Personal information
- Full name: Alfred Morris
- Born: 11 September 1876 West Hartlepool, County Durham, England
- Died: 29 March 1961 (aged 84) Lancaster Moor, Lancashire, England
- Batting: Right-handed
- Bowling: Right-arm medium

Domestic team information
- 1912: Minor Counties
- 1905–1914: Durham

Career statistics
| Competition | First-class |
| Matches | 2 |
| Runs scored | 7 |
| Batting average | 3.50 |
| 100s/50s | –/– |
| Top score | 4 |
| Balls bowled | 251 |
| Wickets | 10 |
| Bowling average | 8.00 |
| 5 wickets in innings | – |
| 10 wickets in match | – |
| Best bowling | 4/50 |
| Catches/stumpings | –/– |
- Source: Cricinfo, 12 August 2011

= Alfred Morris (cricketer) =

English cricketer

Alfred Morris (11 September 1876 - 29 March 1961) was an English cricketer. Morris was a right-handed batsman who bowled right-arm medium pace. He was born in West Hartlepool, County Durham.

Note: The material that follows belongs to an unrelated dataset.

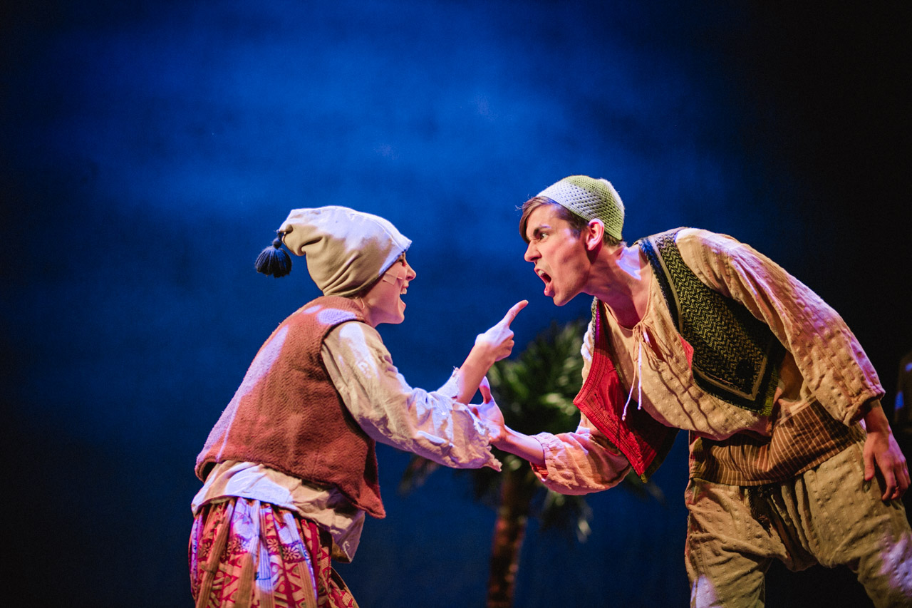 Der Heimweg führt Aladdin am Strand vorbei. Dort trifft er ein Mädchen in das er sich sofort verliebt und lädt sie zu sich nach Hause ein. Danach erfährt er, dass sie Jasmin, die Tochter des Sultans ist und weil er sich vor ihr für sein ärmliches Leben schämt, lässt er sich von seinem Lampengeist einen Palast bauen und in feinste Kleidung hüllen. Doch dann gerät die Wunderlampe in die Hände Dschafars und Aladdin muss einsehen, dass zur wahren Liebe mehr gehört als Pracht und teure Gewänder…

Morris made his debut for Durham against Northumberland in the 1905 Minor Counties Championship. He played Minor counties cricket for Durham from 1905 to 1904, making 89 Minor Counties Championship appearances. He made a first-class appearance for the Minor Counties against the touring South Africans in 1912. In this match, he scored 3 runs in the Minor Counties only innings before being dismissed by Sid Pegler. In the South Africans only innings, he took all three wickets to fall in the innings: Louis Tancred, Tommy Ward and Tip Snooke for the cost of 5 runs from 6.3 overs. He made a further first-class appearance in 1912 for an England XI against the touring Australians. He took figures of 4/50 in the Australians first-innings, while in their second he took figures of 3/25. With the bat, he scored 4 runs in the England XI first-innings, before being dismissed by Bill Whitty, while he wasn't required to bat in their second-innings.

He died on Lancaster Moor in Lancashire on 29 March 1961.